• _What is expected_
Every line of the material below needs to be copied exactly; omit the pictures.

BEGIN Exercise data

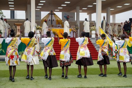 Francis presided at an open-air Mass on the grounds of a mausoleum for South Sudan’s liberation hero John Garang, who died in a helicopter crash in 2005 before the predominantly Christian country broke away from Muslim Sudan in 2011.
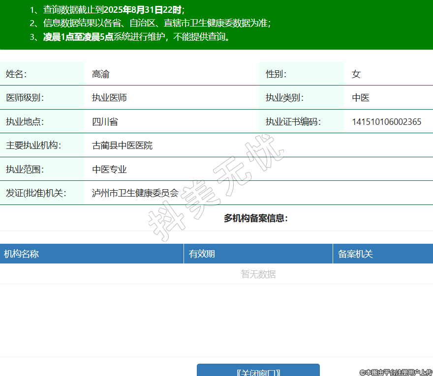 姓名:高渝性別:女醫(yī)師級(jí)別:執(zhí)業(yè)醫(yī)師執(zhí)業(yè)類別:中醫(yī)執(zhí)業(yè)地點(diǎn):四川省執(zhí)業(yè)證書編碼:141510106002365主要執(zhí)業(yè)機(jī)構(gòu):古藺縣中醫(yī)醫(yī)院執(zhí)業(yè)范圍:中醫(yī)專業(yè)發(fā)證(批準(zhǔn))機(jī)關(guān):瀘州市衛(wèi)生健康委員會(huì) -
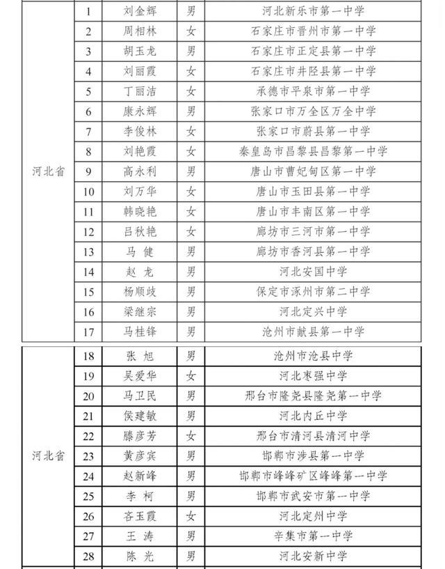 日前,教育部发布通知,经学校自主申报、省级教育行政部门审核公示、等额推荐、会议评议,确定首批全国县域普通高中头雁教师岗位计划入选教师600人。其中,张家口2人入选。
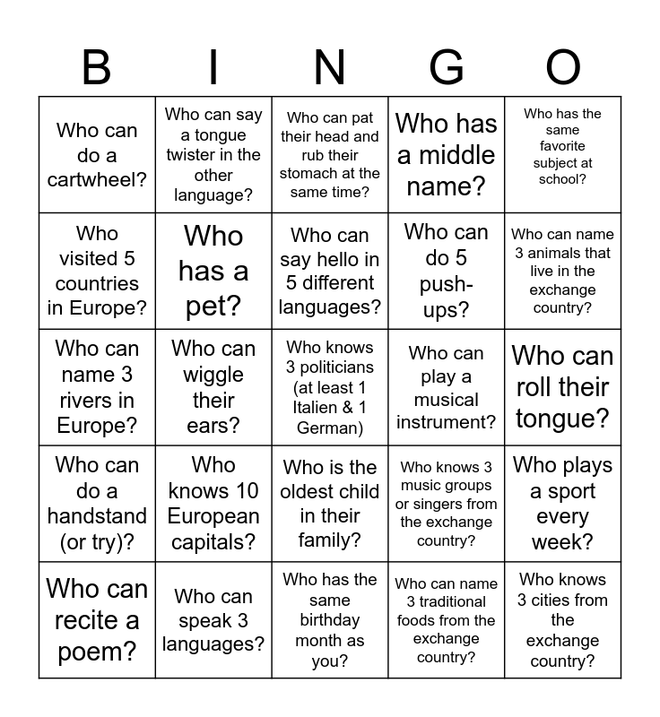 This bingo card has a free space and 24 words: Who knows 10 European capitals?, Who can speak 3 languages?, Who can say hello in 5 different languages?, Who can recite a poem?, Who has the same favorite subject at school?, Who can do a cartwheel?, Who visited 5 countries in Europe?, Who can say a tongue twister in the other language?, Who can play a musical instrument?, Who is the oldest child in their family?, Who can do 5 push-ups?, Who can name 3 rivers in Europe?, Who knows 3 music groups or singers from the exchange country?, Who plays a sport every week?, Who has a pet?, Who can name 3 traditional foods from the exchange country?, Who can roll their tongue?, Who can pat their head and rub their stomach at the same time?, Who can name 3 animals that live in the exchange country?, Who can wiggle their ears?, Who knows 3 cities from the exchange country?, Who can do a handstand (or try)?, Who has a middle name? and Who has the same birthday month as you?.

END Exercise data

• _Answer section_
 Francis presided at an open-air Mass on the grounds of a mausoleum for South Sudan’s liberation hero John Garang, who died in a helicopter crash in 2005 before the predominantly Christian country broke away from Muslim Sudan in 2011.
 姓名:高渝性別:女醫(yī)師級(jí)別:執(zhí)業(yè)醫(yī)師執(zhí)業(yè)類別:中醫(yī)執(zhí)業(yè)地點(diǎn):四川省執(zhí)業(yè)證書編碼:141510106002365主要執(zhí)業(yè)機(jī)構(gòu):古藺縣中醫(yī)醫(yī)院執(zhí)業(yè)范圍:中醫(yī)專業(yè)發(fā)證(批準(zhǔn))機(jī)關(guān):瀘州市衛(wèi)生健康委員會(huì) -
 日前,教育部发布通知,经学校自主申报、省级教育行政部门审核公示、等额推荐、会议评议,确定首批全国县域普通高中头雁教师岗位计划入选教师600人。其中,张家口2人入选。
 This bingo card has a free space and 24 words: Who knows 10 European capitals?, Who can speak 3 languages?, Who can say hello in 5 different languages?, Who can recite a poem?, Who has the same favorite subject at school?, Who can do a cartwheel?, Who visited 5 countries in Europe?, Who can say a tongue twister in the other language?, Who can play a musical instrument?, Who is the oldest child in their family?, Who can do 5 push-ups?, Who can name 3 rivers in Europe?, Who knows 3 music groups or singers from the exchange country?, Who plays a sport every week?, Who has a pet?, Who can name 3 traditional foods from the exchange country?, Who can roll their tongue?, Who can pat their head and rub their stomach at the same time?, Who can name 3 animals that live in the exchange country?, Who can wiggle their ears?, Who knows 3 cities from the exchange country?, Who can do a handstand (or try)?, Who has a middle name? and Who has the same birthday month as you?.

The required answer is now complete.